• [Material provided]:
▽

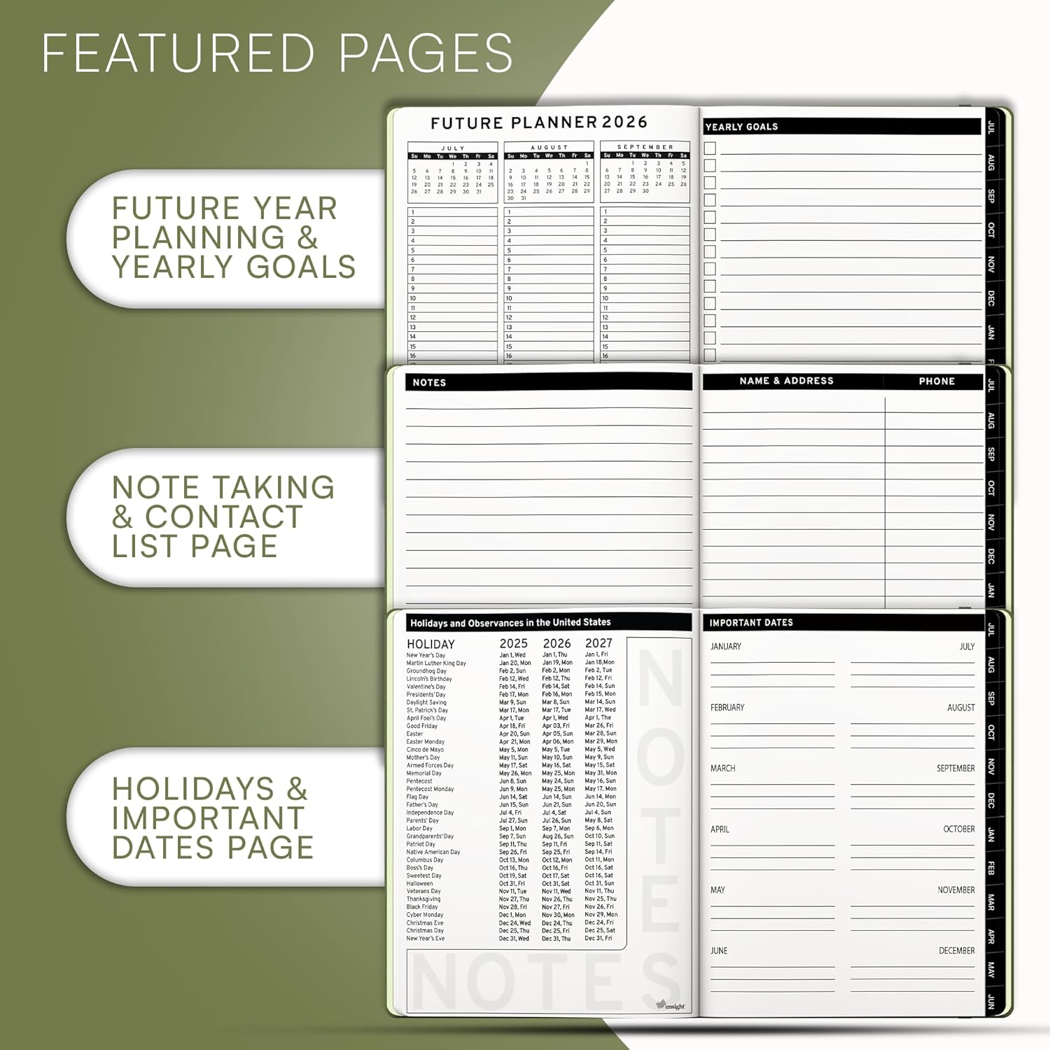 Ensight 2025-2026 HARDCOVER Leather Planner Weekly & Monthly - 6.5x8.5 Inches - Academic Planner Business Personal or Student - Pen Holder, Thick Paper, July 2025 - June 2026 (Olive Green)
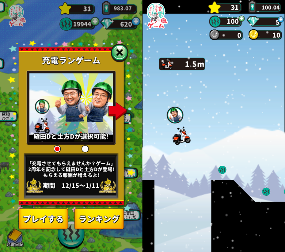 ミニゲームである「充電ランゲーム」では 、昨年に続いて2周年を記念する横断幕が出現中。また、ステージも12月は雪景色のクリスマスバージョン、1月は神社の鳥居などが拝めるお正月バージョンに変化します。ぜひ限定ステージをチェックしてください!
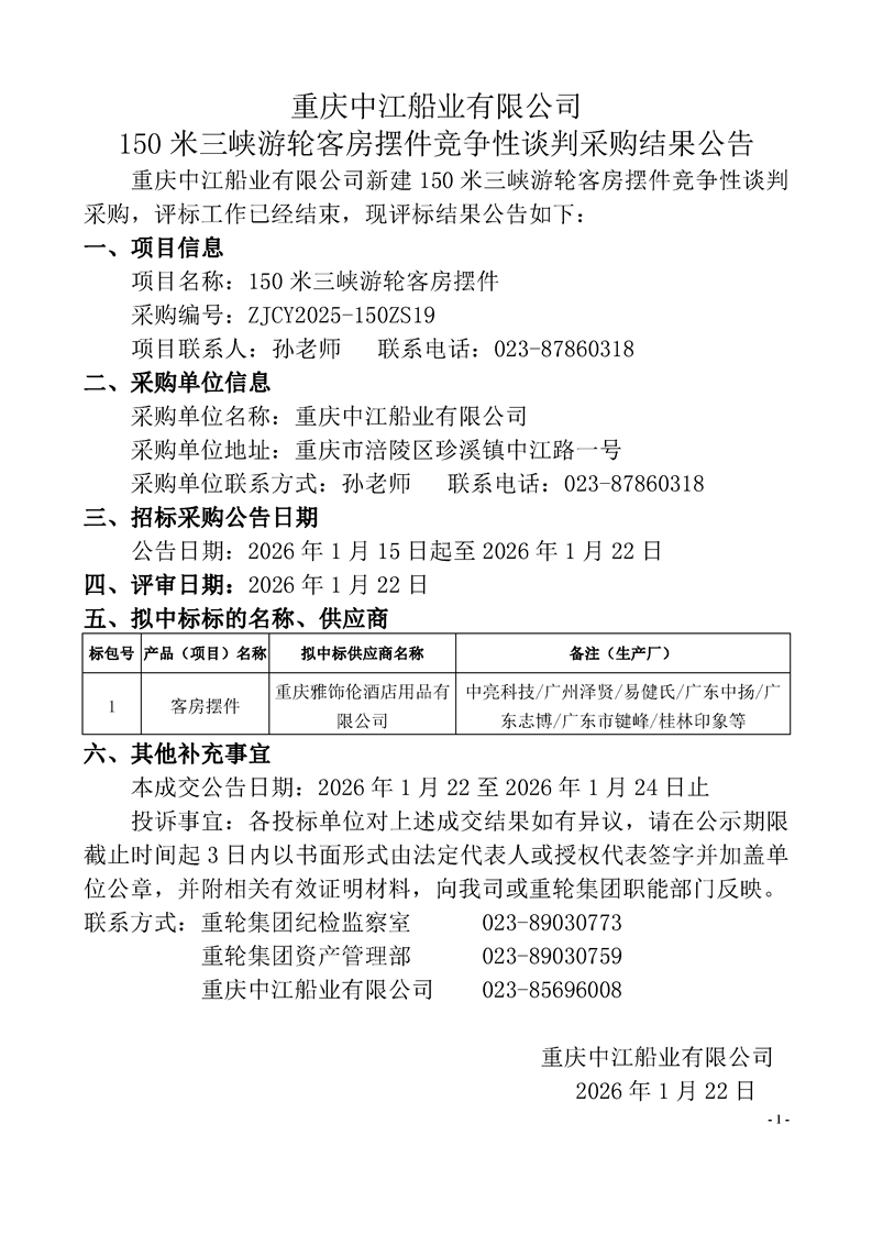 中江船业150米三峡游轮客房摆件竞争性谈判采购结果公告(采购编号:ZJCY2025-150ZS19)
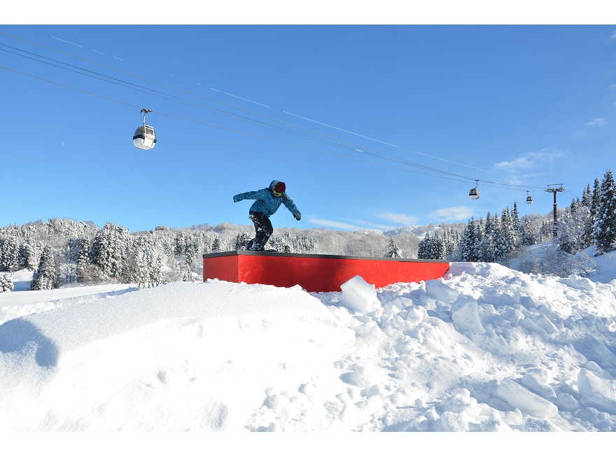 メモワールコースを使ったメインパークはパークビギナーでも楽しめるアトラクションコース。中にはキッカーやジブアイテムもあり流しながら楽しめるパークです。
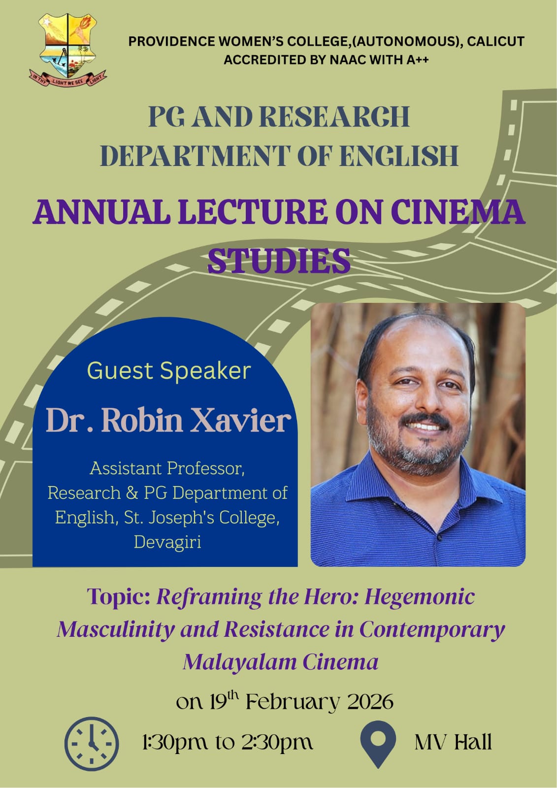 The Annual Lecture on Cinema Studies for 2025-26 was delivered by Dr. Robin Xavier, Assistant Professor, Research and PG Department of English, St. Joseph's College (Autonomous), Devagiri on 19th February 2026 at 1.30 pm in the MV Hall. The lecture was titled, "Reframing the Hero: Hegemonic Masculinity and Resistance in Contemporary Malayalam Cinema" and explored areas including Representation in Cinema, Representation of the Male (Hero) in Malayalam cinema, Caste in Cinema – Hegemony/Homogenization of Identities, Toxic and Sensitive Masculinities and Subordinate Masculinities: Dalit, Muslim & non-Syrian Christian Representations in cinema.
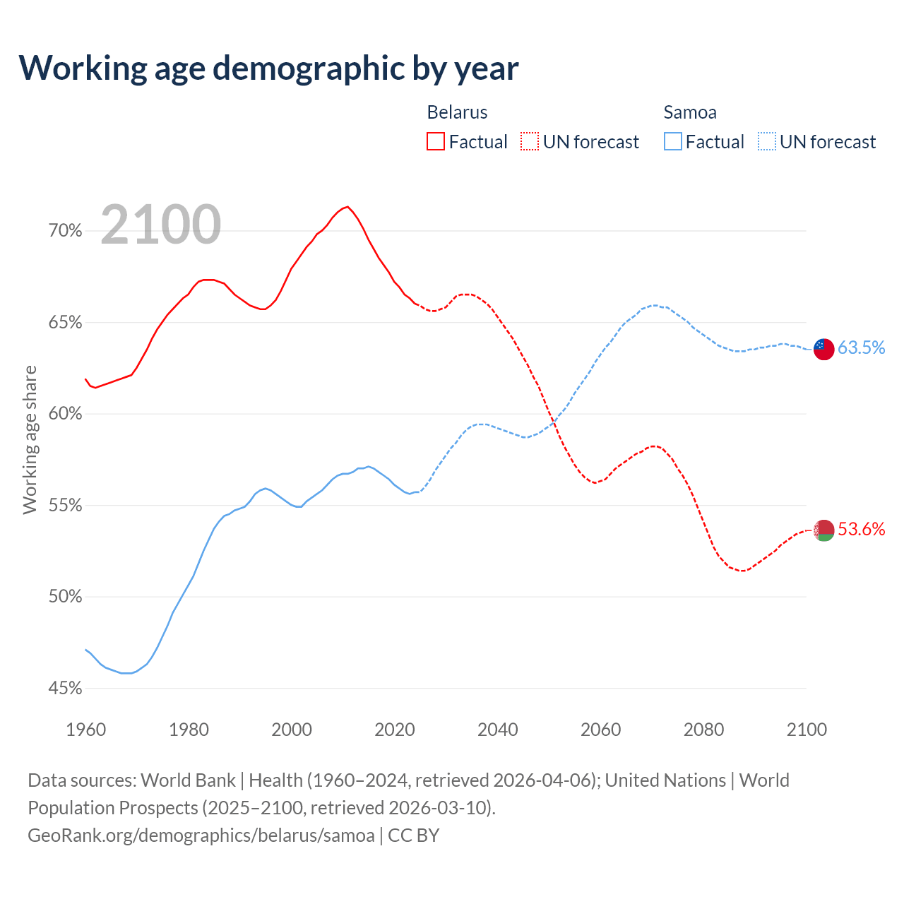- Belarus has 5.95M working age adults (aged 15-64) vs 123K in Samoa.
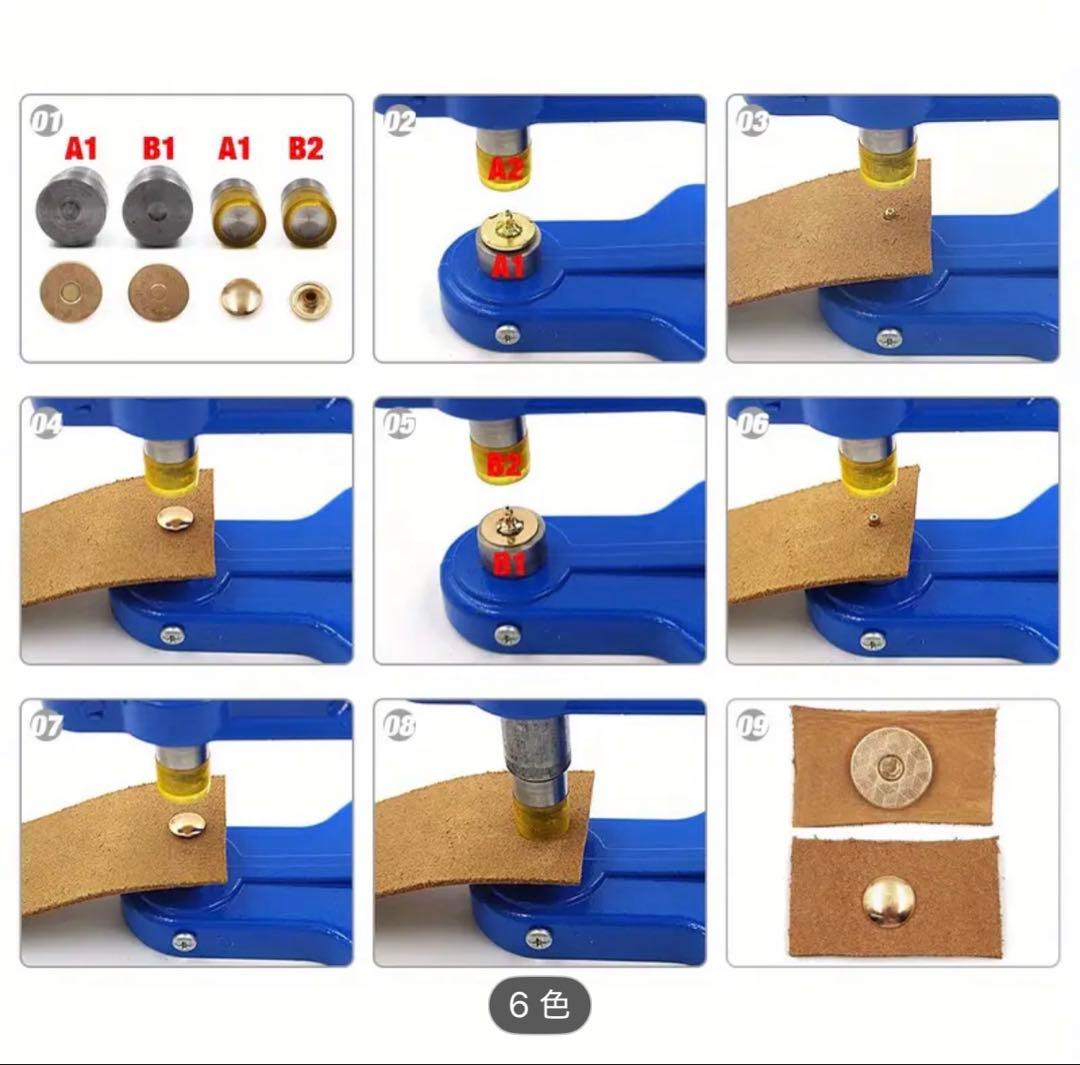 カシメ、ハトメ、アイレット、菱目打ち等、いろんなコマを購入すればなんでも叩かずにできるので便利です。

△

• [What you are asked to do]:
What you return must match, line for line, the records from the line containing "- Belarus has" through their end, with both ends included and no pictures.

• [Task result]:
- Belarus has 5.95M working age adults (aged 15-64) vs 123K in Samoa.
 カシメ、ハトメ、アイレット、菱目打ち等、いろんなコマを購入すればなんでも叩かずにできるので便利です。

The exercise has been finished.